● Assignment
Below are some records. Print exactly the lines between the one holding "Chaleco de Punto" and the one holding "2.打开刚刚解压的文件夹,双", inclusive, and nothing else.

-------- Data shown --------

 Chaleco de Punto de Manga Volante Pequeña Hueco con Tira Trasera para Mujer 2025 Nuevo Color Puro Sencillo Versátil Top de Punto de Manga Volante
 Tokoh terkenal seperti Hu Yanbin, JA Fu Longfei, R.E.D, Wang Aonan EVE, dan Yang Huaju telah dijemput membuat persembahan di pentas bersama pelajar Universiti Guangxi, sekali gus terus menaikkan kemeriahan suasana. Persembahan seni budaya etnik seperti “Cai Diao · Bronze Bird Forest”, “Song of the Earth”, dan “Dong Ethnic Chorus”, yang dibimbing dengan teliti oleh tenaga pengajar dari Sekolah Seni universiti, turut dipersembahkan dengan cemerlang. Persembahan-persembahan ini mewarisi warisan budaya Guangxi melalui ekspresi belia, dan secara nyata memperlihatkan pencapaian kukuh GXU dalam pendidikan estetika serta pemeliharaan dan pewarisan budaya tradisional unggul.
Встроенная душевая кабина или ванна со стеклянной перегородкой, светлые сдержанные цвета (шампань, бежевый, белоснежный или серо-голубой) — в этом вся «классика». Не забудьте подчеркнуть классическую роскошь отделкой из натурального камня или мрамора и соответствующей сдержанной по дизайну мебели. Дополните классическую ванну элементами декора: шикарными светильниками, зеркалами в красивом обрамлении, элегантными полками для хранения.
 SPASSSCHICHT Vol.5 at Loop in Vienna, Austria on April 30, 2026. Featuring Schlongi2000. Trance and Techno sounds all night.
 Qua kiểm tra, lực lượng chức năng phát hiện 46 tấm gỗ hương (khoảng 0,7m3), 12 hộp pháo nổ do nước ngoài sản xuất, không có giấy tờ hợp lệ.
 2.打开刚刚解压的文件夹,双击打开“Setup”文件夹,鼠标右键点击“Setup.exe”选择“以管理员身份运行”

--------
-------- Data shown --------

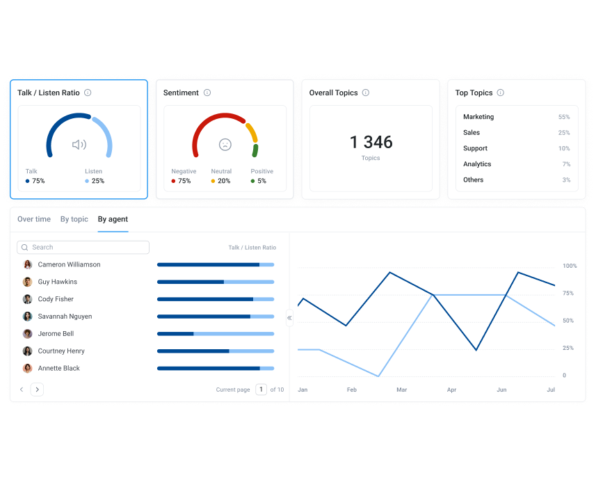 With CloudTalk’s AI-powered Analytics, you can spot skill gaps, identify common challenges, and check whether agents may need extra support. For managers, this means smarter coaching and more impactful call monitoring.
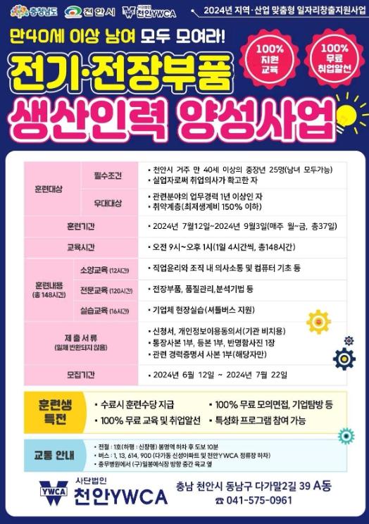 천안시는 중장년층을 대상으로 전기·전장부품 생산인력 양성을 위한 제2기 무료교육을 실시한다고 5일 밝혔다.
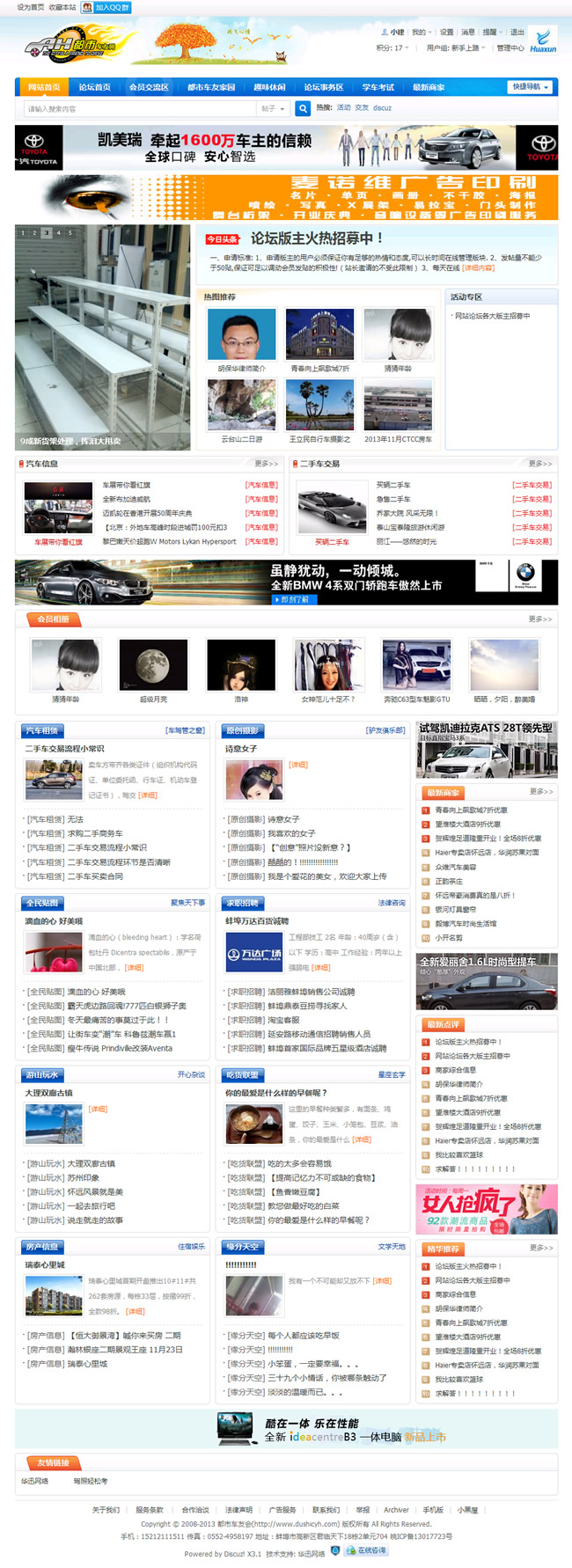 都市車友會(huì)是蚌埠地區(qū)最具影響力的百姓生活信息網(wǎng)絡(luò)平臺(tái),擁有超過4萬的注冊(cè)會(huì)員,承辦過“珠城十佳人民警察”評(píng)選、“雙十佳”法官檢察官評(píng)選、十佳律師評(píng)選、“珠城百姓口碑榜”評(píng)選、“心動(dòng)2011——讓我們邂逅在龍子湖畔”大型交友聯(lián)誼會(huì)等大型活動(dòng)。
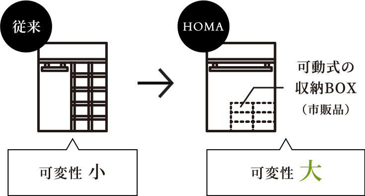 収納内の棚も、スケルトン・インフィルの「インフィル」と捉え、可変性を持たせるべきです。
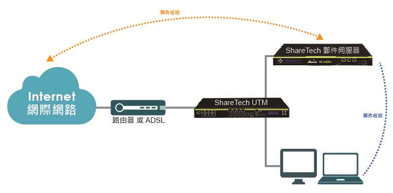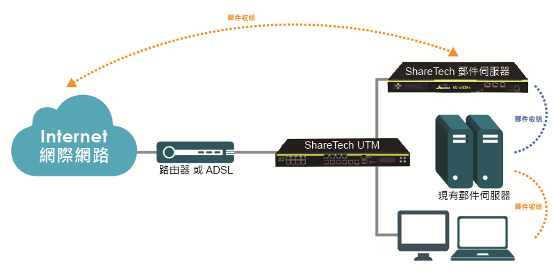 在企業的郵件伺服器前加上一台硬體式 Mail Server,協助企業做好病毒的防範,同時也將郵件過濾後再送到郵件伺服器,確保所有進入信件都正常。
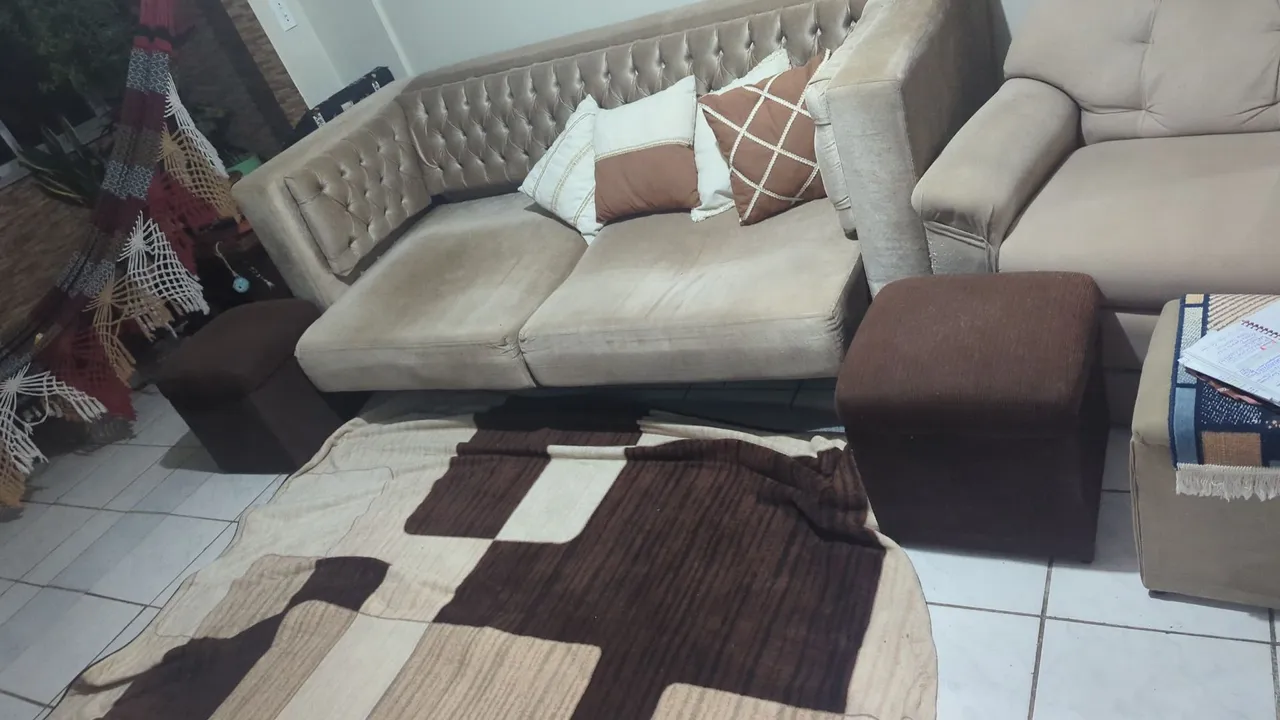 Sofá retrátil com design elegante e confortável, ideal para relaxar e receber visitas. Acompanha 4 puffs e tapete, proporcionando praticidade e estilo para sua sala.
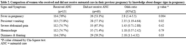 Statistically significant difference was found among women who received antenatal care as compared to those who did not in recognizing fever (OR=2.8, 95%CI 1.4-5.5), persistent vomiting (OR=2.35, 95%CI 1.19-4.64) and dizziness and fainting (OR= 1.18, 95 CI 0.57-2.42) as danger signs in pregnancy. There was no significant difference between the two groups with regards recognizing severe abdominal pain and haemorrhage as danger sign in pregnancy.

--------
-------- Data shown --------

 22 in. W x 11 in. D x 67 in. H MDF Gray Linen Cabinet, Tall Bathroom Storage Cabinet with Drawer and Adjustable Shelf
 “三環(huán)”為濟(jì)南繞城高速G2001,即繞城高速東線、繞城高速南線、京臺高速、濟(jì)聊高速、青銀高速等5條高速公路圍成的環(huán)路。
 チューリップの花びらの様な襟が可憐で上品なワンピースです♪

--------

● Reply to the task
 Chaleco de Punto de Manga Volante Pequeña Hueco con Tira Trasera para Mujer 2025 Nuevo Color Puro Sencillo Versátil Top de Punto de Manga Volante
 Tokoh terkenal seperti Hu Yanbin, JA Fu Longfei, R.E.D, Wang Aonan EVE, dan Yang Huaju telah dijemput membuat persembahan di pentas bersama pelajar Universiti Guangxi, sekali gus terus menaikkan kemeriahan suasana. Persembahan seni budaya etnik seperti “Cai Diao · Bronze Bird Forest”, “Song of the Earth”, dan “Dong Ethnic Chorus”, yang dibimbing dengan teliti oleh tenaga pengajar dari Sekolah Seni universiti, turut dipersembahkan dengan cemerlang. Persembahan-persembahan ini mewarisi warisan budaya Guangxi melalui ekspresi belia, dan secara nyata memperlihatkan pencapaian kukuh GXU dalam pendidikan estetika serta pemeliharaan dan pewarisan budaya tradisional unggul.
Встроенная душевая кабина или ванна со стеклянной перегородкой, светлые сдержанные цвета (шампань, бежевый, белоснежный или серо-голубой) — в этом вся «классика». Не забудьте подчеркнуть классическую роскошь отделкой из натурального камня или мрамора и соответствующей сдержанной по дизайну мебели. Дополните классическую ванну элементами декора: шикарными светильниками, зеркалами в красивом обрамлении, элегантными полками для хранения.
 SPASSSCHICHT Vol.5 at Loop in Vienna, Austria on April 30, 2026. Featuring Schlongi2000. Trance and Techno sounds all night.
 Qua kiểm tra, lực lượng chức năng phát hiện 46 tấm gỗ hương (khoảng 0,7m3), 12 hộp pháo nổ do nước ngoài sản xuất, không có giấy tờ hợp lệ.
 2.打开刚刚解压的文件夹,双击打开“Setup”文件夹,鼠标右键点击“Setup.exe”选择“以管理员身份运行”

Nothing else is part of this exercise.